O rapper foi esfaqueado 16 vezes por um colega presidiário em maio de 2025 durante sua sentença de 10 anos no caso do tiroteio em Megan Thee Stallion
Tory Lanez entrou com uma ação de US$ 100 milhões contra o Departamento de Correções da Califórnia decorrente de um incidente de maio de 2025 em que o rapper foi esfaqueado na prisão.
Lanez – nascido Daystar Peterson e atualmente cumprindo pena de 10 anos de prisão após ser considerado culpado pela morte a tiros de Megan Thee Stallion – também processou o diretor e os guardas do Instituto Correcional da Califórnia em Tehachapi, onde o rapper foi esfaqueado 16 vezes em um “ataque não provocado com risco de vida” por outro preso, diz o processo.
Peterson foi hospitalizado após o incidente em maio de 2025 e sofreu um colapso pulmonar e facadas nas costas, tronco e cabeça.

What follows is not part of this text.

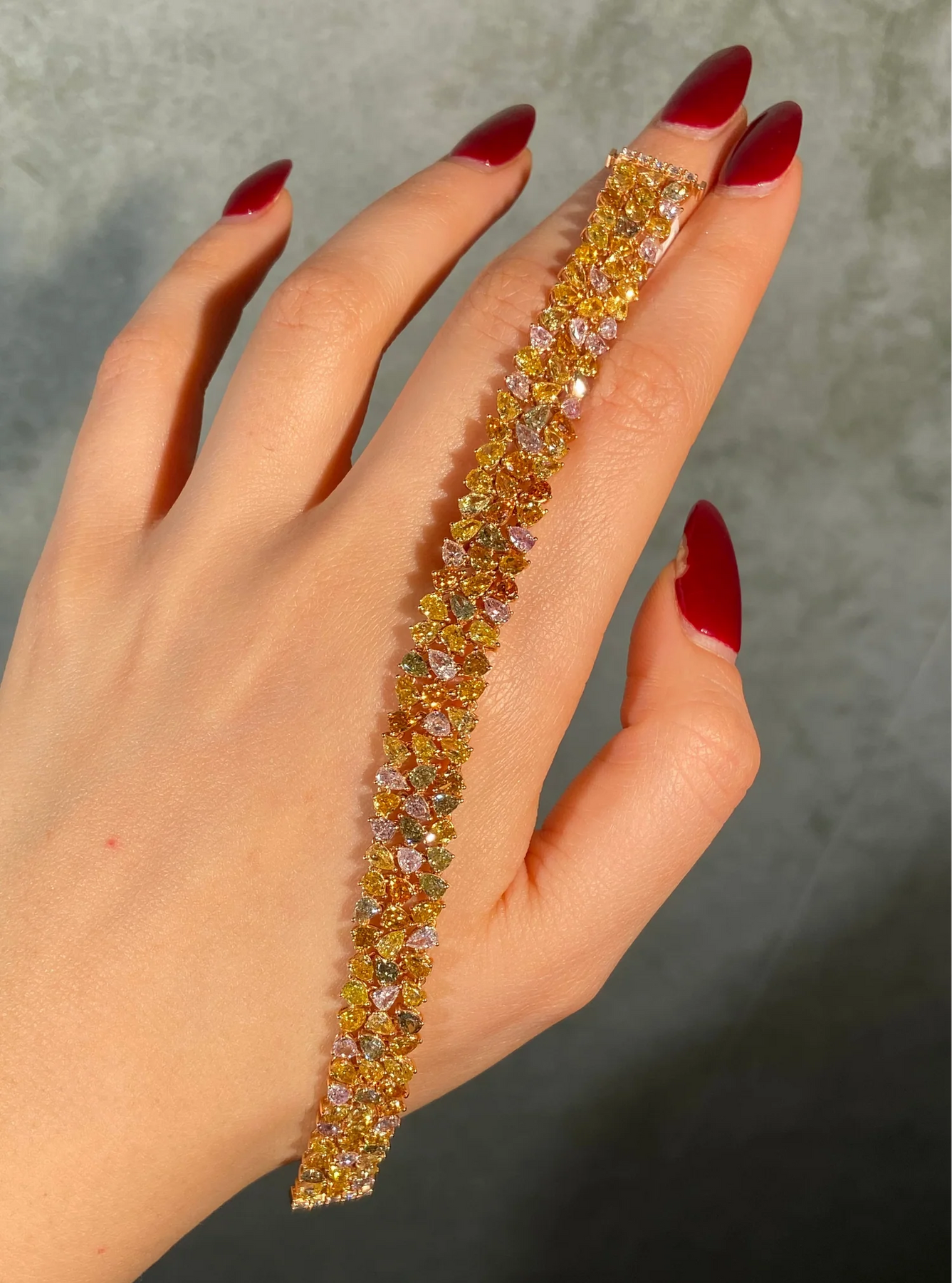 16 Carat Mixed Fancy Color Diamond Three Row Bracelet
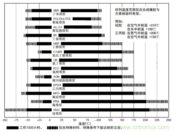 圖3:典型O型圈材料的使用溫度范圍(source:Parker)

De acordo com o Imprensa AssociadaO processo acusava o Departamento de Correções de abrigar Peterson com outro presidiário e suposto agressor Santino Casio, que cumpria pena de prisão perpétua por assassinato em segundo grau. “A decisão de colocar a Casio com Peterson era conhecida ou deveria representar um perigo conhecido”, diz o processo, acrescentando que Tory Lanez fez dele um alvo por causa de seu “status de celebridade de alto nível”.
O processo também afirma que os guardas prisionais demoraram a responder ao espancamento e não usaram granadas de efeito moral ou outras medidas para impedir o ataque de Casio.; De acordo com a Associated Press, Casio não foi acusada do ataque com faca a Peterson.
Lanez, que foi transferido para a Colônia Masculina da Califórnia do condado de San Luis Obispo após sua hospitalização, também afirma no processo que nunca recebeu seus pertences do Instituto Correcional da Califórnia em Tehachapi, incluindo cancioneiros cheios de letras de suas músicas inéditas.
Lanez está cumprindo pena de 10 anos de prisão por atirar no pé de Megan Thee Stallion durante um confronto no verão de 2020. Em dezembro de 2022, ele foi finalmente condenado por múltiplas acusações de porte de arma de fogo, incluindo agressão com arma de fogo. Em novembro de 2025, o seu recurso foi rejeitado por um painel de três juízes e a pena de prisão de dez anos foi confirmada.